From Iceland — Tourists Behave Riskier Than Locals At Eruption Site

Tourists Behave Riskier Than Locals At Eruption Site

Published June 29, 2021

Alina Maurer
Photo by
Art Bicnick

Tourists seem to behave differently at the eruption site than locals.

According to RÚV, foreign tourists are more likely to hike to the volcano in bad weather conditions than domestic visitors. As vaccinations progress around the globe, more tourists are traveling to Iceland and are eager to see the volcanic eruption in Geldingadalir.

Tourists going to the volcano no matter what

The mayor of Grindavík, Fannar Jónasson, has stated that thousands go to the eruption site every day and the number of foreign tourists has increased a lot. According to him, tourists seem to be going to the volcano, no matter how the weather forecast looks for the day. “They do not necessarily follow the weather or visibility announcements. They have come to see this and show up in worse weather than Icelanders, who are waiting for better visibility and better weather,” Fannar says.

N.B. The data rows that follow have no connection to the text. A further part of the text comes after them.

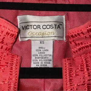 Victor Costa Size XS Linen Blazer Coral Red Embroidered Jacket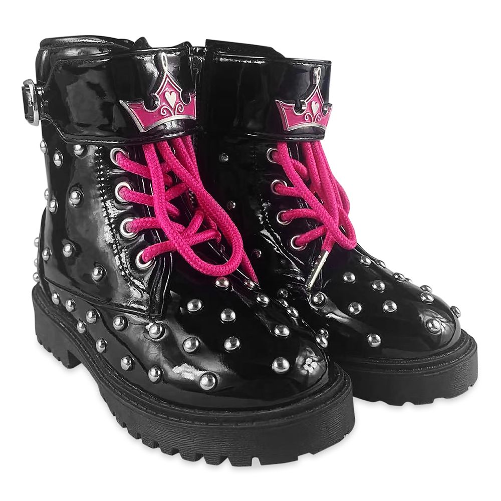 They’ll forge their own royal path with these stylish boots. The black uppers are accented with silver metal studs, while the decorative top strap features a metal crown accents with pink details adding a regal touch to these chunky-soled shoes.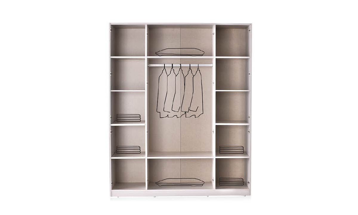 • 4 Kapılı Geniş Hacim: Dört kapılı geniş yapısı, tüm kıyafet, aksesuar ve tekstil ürünlerinizi düzenli bir şekilde saklamanız için yeterli depolama alanı sunar.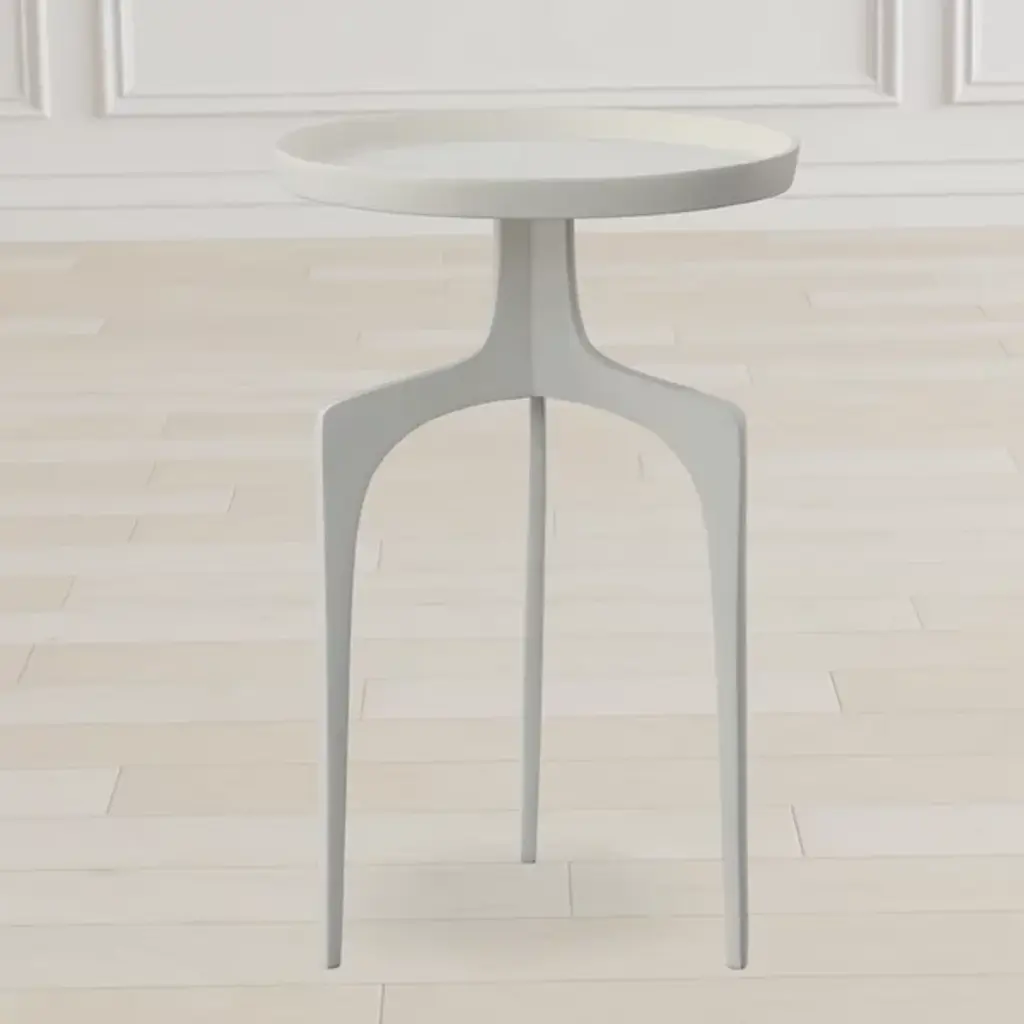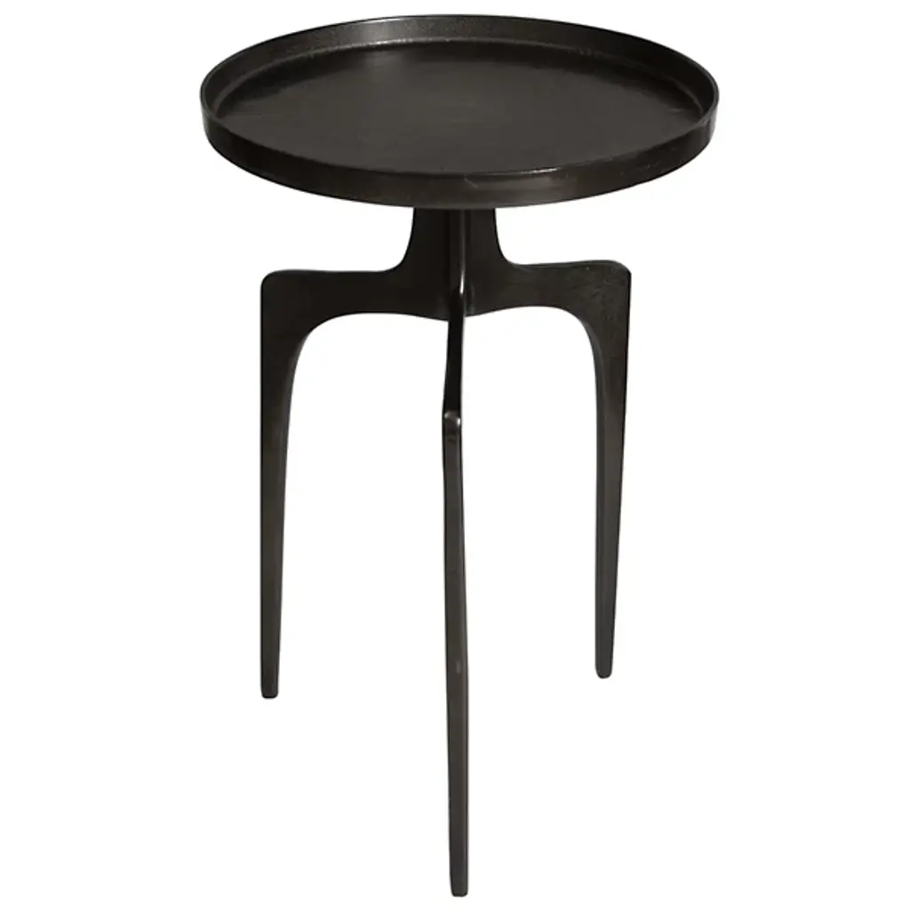 Reminiscent of antique furnishings, the Kenna Table from Uttermost garners one’s attention while quietly alone or supporting one’s objects. The modern design plays with shape and line like a refined sculpture. An aluminum construction helps the piece achieve a slender profile outlined in tight curves. The triangulating base looks airy and takes up minimal floor space. A circular top rests gracefully on top with a raised lip to keep spills and essential objects contained.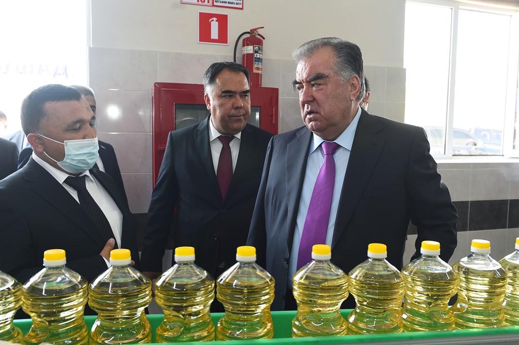 Глава государства здесь же принял участие в открытии цеха по производству растительного масла — единственного инновационного цеха в Таджикистане, где производство рафинированного масла осуществляется в несколько этапов — дезинфекции, отбеливания, охлаждения и упаковки.

Incidents have happened in the past

Just last weekend, an American tourist was lost after he got separated from his wife on the hike due to bad visibility. Luckily, he was found alive and well after twenty-four hours of searching. Additionally, many people have been seen walking on the hardened lava, which bears the risk of falling into the 1,300°C hot lava. Police and members of the search and rescue teams have repeatedly stated that people walking on the lava will not be rescued as it also endangers the rescuer’s lives.

Nevertheless, the mayor says that apart from the missing person, there have been no further problems at the eruption site. “There was more this spring when there were injuries on the trails. We are afraid that when autumn and winter comes, there may be more such accidents, but now it has not been much.”